AIM OF THE EXERCISE -
Every line from the one holding "This canvas bag" to the end of the entries should be repeated exactly, with the pictures left out.

GIVEN INFORMATION -
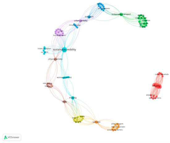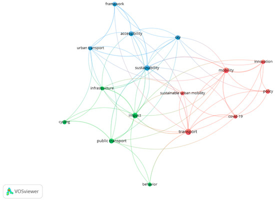 In the last period, from 2020 to 2021 (Figure 7), we see the centrality of “sustainability” and “transport”, followed by “mobility” and the composite keyword “sustainable urban mobility”, which conjugates important previous ones. Notwithstanding, the word “COVID-19” appears in the red cluster and “innovation“, which could suggest the growing concern over a paradigm-breaking necessity preceded by the pandemic. In the blue cluster, “urban transport”, “accessibility”, “framework” and “city” are relevant. In contrast, in the green cluster, we can see the prevalence of transport behavior-related words, such as “cycling”, “impact”, and “behavior” and transport planning issues, such as “public transport”, and “infrastructure”.
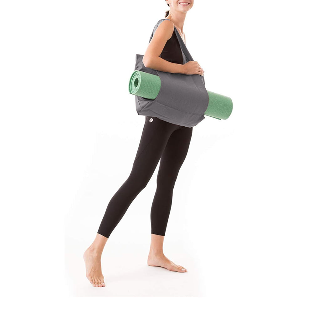 This canvas bag that can hold a yoga mat on the outside is a must-have for yoga enthusiasts.
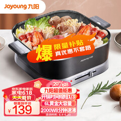 ¥139.00九阳(Joyoung)6L大容量 2000W大火力超快家用一体式 火锅专用锅 电火锅 火锅锅 电炒锅 多功能锅不粘涮烤锅G110
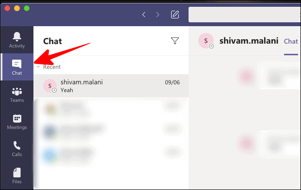 Open your Microsoft Teams app and click on the chat section on the left margin. Then, open a chat from which you wish to save a message.
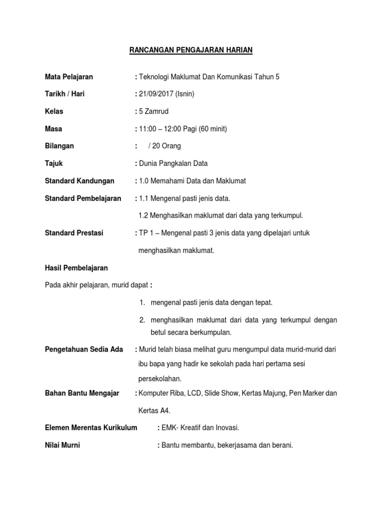 339782956 Rph Tmk Thn 5 Blog Pptx Rancangan Pengajaran Harian Tmk Tahun 5 Mata Pelajaran Kelas Bil Murid Tmk 5 Ibnu Sina 35 Orang Strategi Kolaborasi Course Hero

SOLUTION TO THE PROBLEM -
 This canvas bag that can hold a yoga mat on the outside is a must-have for yoga enthusiasts.
 ¥139.00九阳(Joyoung)6L大容量 2000W大火力超快家用一体式 火锅专用锅 电火锅 火锅锅 电炒锅 多功能锅不粘涮烤锅G110
 Open your Microsoft Teams app and click on the chat section on the left margin. Then, open a chat from which you wish to save a message.
 339782956 Rph Tmk Thn 5 Blog Pptx Rancangan Pengajaran Harian Tmk Tahun 5 Mata Pelajaran Kelas Bil Murid Tmk 5 Ibnu Sina 35 Orang Strategi Kolaborasi Course Hero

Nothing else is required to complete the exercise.